Sejak kejadian waktu itu, aku bukan saja tidak mau lagi bersentuhan dengan benda milik Adib itu, namun juga malas mau ke puncak bukit jika sore tiba. Aku lebih memilih mengerjakan tugas-tugas sekolah yang selama ini seringkali kuabaikan. Bukan berarti tidak mengerjakan, melainkan mengerjakannya selepas Subuh dengan kerja sama bersama teman-teman atau malah mencontek.
Setelah selesai mengerjakan tugas, rasa sepi mulai merantai, rasanya tidak enak sekali.
Aku lalu menyusul Adib yang katanya mau ke atas bantu ibu-ibu seperti yang kulakukan sejak kemarin.
"Yah, pas aku mau pulang, kau malah kemari," ujar Adib, kami bertemu di tengah jalan.
"Tak apa, temani Nini aja," tiba-tiba Ni Jamilah sudah menyusulku dari bawah. Entah kapan beliau ke bawah, dan untuk apa, karena kawasan ini lebih banyak dipenuhi oleh kaum adam.
"Temani ke mana Ni?" Tanya Adib.
"Ke tukang sembako di pasar, lumayan kalau ada yang bantuin Nini angkut barang," Ni Jamilah terkekeh.
"Kau ikut juga!" Perintahku pada Adib sambil mencekal lengannya.
"Mendingan jalan-jalan sama Ni Jamilah daripada di Gazebo sendirian, nggak enak, sepi," sambungku lagi.

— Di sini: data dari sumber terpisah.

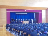給食の時間に放送で着任式を行いました。
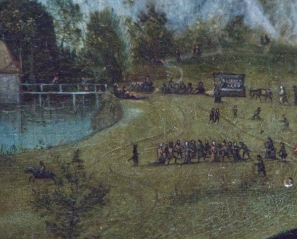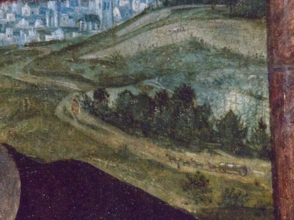 Clothe has been laid out on the grass, perhaps in the process of being bleached or dried. A wagon is being pulled by horses towards the city, someone is leading a laden donkey along the track. A group of peasants, they appear to be dancing. Perhaps dancing was part of production. Now dancing and production are very separate things.
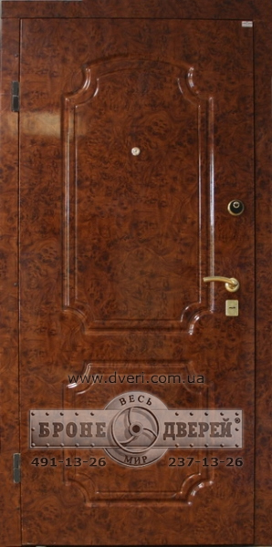Бронедвери(стальные двери) с отделкой МДФ ламинированный пластиком имитирующим дерево, цвет корень ореха, рисунок Кастелли . Наличник из МДФ. Замок нижний CISA 57.685 с возможностью перекодировки ключа. Ручка Armadillo Libra цвет золото. Замок верхний Azbe 8913. c броненакладкой М-4. Петли подшипниковые, глазок Беларус.
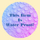 Sticker "This Item Is Water Proof" avec texte bleu gras et gouttes d'eau sur arrière - plan bleu et rose ou Personnalisez avec votre message et votre photo. Placer sur les colis, etc. Idéal pour toutes les grandes entreprises, grandes ou petites.
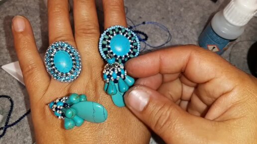 Серьги, два кольца из говлита под бирюзу. Что получилось.

Aku langsung menggandeng tangan Adib diiringi tawa Ni Jamilah. Aku begitu terlihat senang meskipun dalam hati gelisah juga, siap-siap tangan mengerahkan ototnya.
Tiba di pasar, kami langsung ke toko sembako langganan Ni Jamilah. Rupanya tidak banyak yang dibeli, ah, leganya hatiku. Aku hanya perlu membawakan dua kilogram terigu, sekaleng margarin ukuran satu kilogram, sekilo gula pasir dan setengah kilogram telur. Sedangkan Adib hanya membawa sekarung kecil beras ukuran lima kilo saja, itupun dia seperti menenteng berkuintal beras gaya jalannya.
"Jajan dulu, nggak?" Tanya Ni Jamilah setelah selesai membayar belanjaan.
"Boleh, Ni," ujarku.
"Ngebakso, yuk?"
"Siap." Aku dan Adib berpandangan senang.